== Collected data ==
■ ■ ■
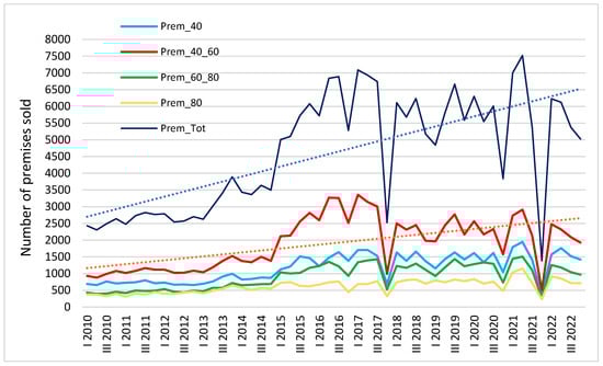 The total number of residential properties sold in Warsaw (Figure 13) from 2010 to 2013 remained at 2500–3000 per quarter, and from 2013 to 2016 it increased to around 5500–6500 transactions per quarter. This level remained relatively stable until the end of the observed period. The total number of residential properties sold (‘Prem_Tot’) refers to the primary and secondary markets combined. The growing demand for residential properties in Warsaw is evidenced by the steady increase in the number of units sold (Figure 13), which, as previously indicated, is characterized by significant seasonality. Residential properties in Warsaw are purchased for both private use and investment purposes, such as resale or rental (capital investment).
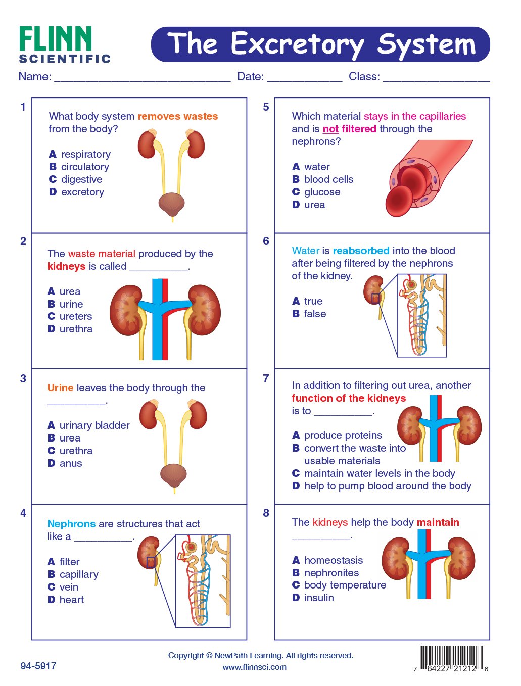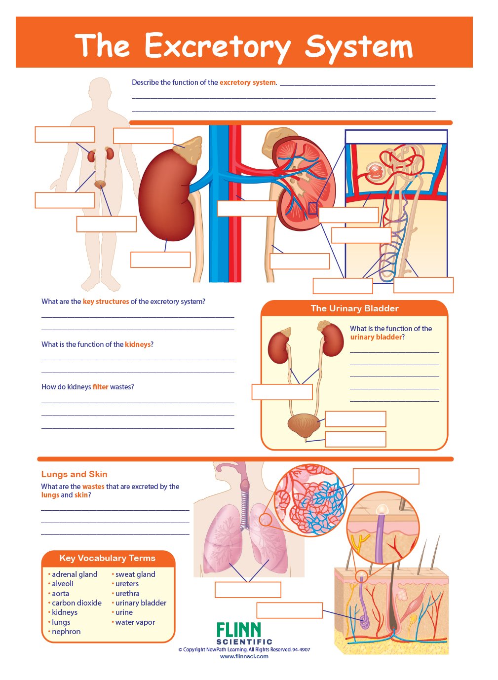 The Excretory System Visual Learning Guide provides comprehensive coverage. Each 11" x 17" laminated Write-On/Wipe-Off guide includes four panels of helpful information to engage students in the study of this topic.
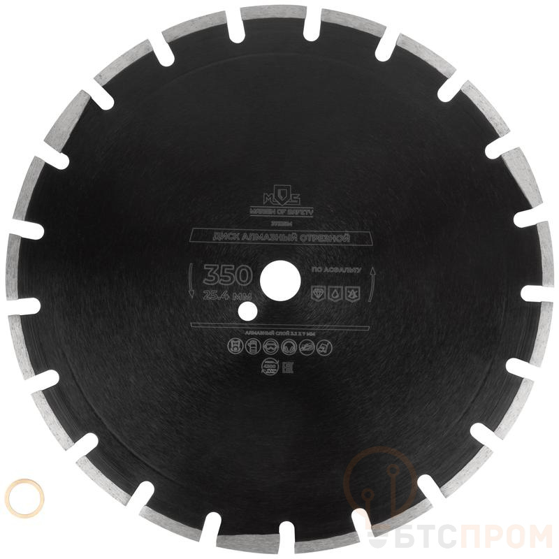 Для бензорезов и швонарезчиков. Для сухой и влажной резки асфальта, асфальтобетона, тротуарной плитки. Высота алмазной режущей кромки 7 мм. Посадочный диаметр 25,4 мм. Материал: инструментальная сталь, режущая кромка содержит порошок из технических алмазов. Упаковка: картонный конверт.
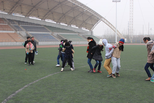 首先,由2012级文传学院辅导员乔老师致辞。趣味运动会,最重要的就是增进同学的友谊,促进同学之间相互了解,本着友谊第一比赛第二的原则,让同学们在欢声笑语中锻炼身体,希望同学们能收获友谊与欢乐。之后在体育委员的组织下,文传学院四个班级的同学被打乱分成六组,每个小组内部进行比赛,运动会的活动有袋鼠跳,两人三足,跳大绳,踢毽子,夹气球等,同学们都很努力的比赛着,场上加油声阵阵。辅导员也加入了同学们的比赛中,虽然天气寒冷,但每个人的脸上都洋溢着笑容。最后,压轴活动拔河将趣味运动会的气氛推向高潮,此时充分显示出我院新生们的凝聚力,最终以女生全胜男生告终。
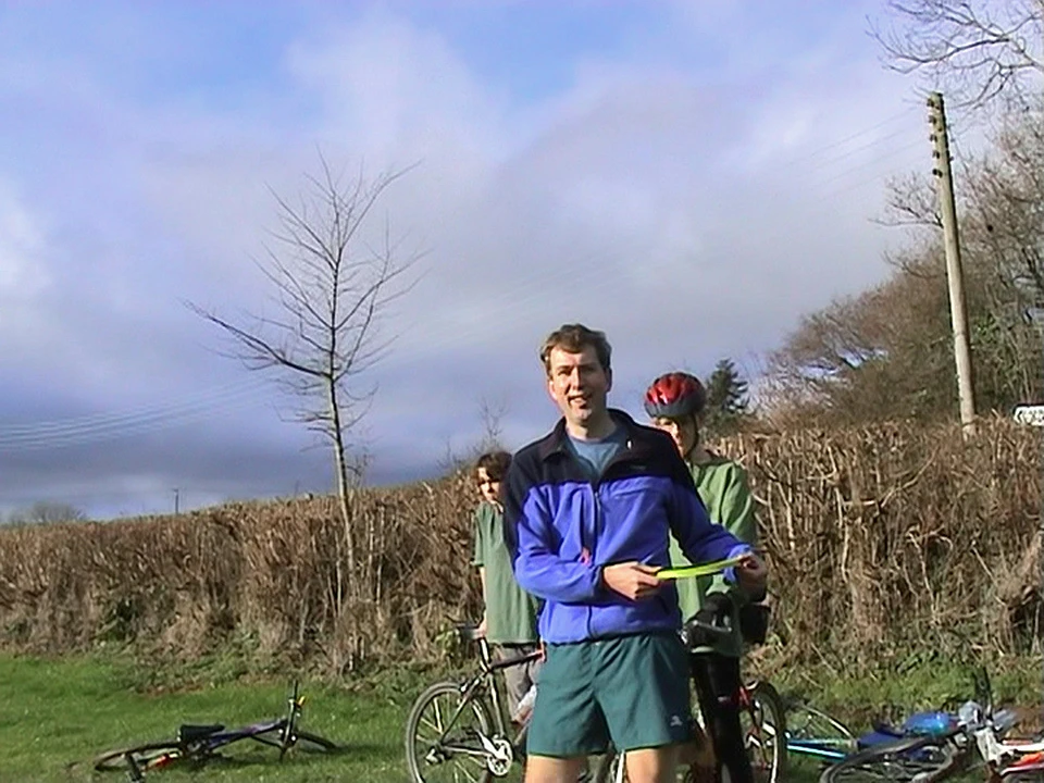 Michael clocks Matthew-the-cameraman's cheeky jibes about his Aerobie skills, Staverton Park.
■ ■ ■
== WHAT YOU HAVE TO DO ==
Your answer must be exactly the lines from the one containing "The Excretory System" through the last line of the records above, both included, with every picture left out.

== SOLUTION TO THE PROBLEM ==
 The Excretory System Visual Learning Guide provides comprehensive coverage. Each 11" x 17" laminated Write-On/Wipe-Off guide includes four panels of helpful information to engage students in the study of this topic.
 Для бензорезов и швонарезчиков. Для сухой и влажной резки асфальта, асфальтобетона, тротуарной плитки. Высота алмазной режущей кромки 7 мм. Посадочный диаметр 25,4 мм. Материал: инструментальная сталь, режущая кромка содержит порошок из технических алмазов. Упаковка: картонный конверт.
 首先,由2012级文传学院辅导员乔老师致辞。趣味运动会,最重要的就是增进同学的友谊,促进同学之间相互了解,本着友谊第一比赛第二的原则,让同学们在欢声笑语中锻炼身体,希望同学们能收获友谊与欢乐。之后在体育委员的组织下,文传学院四个班级的同学被打乱分成六组,每个小组内部进行比赛,运动会的活动有袋鼠跳,两人三足,跳大绳,踢毽子,夹气球等,同学们都很努力的比赛着,场上加油声阵阵。辅导员也加入了同学们的比赛中,虽然天气寒冷,但每个人的脸上都洋溢着笑容。最后,压轴活动拔河将趣味运动会的气氛推向高潮,此时充分显示出我院新生们的凝聚力,最终以女生全胜男生告终。
 Michael clocks Matthew-the-cameraman's cheeky jibes about his Aerobie skills, Staverton Park.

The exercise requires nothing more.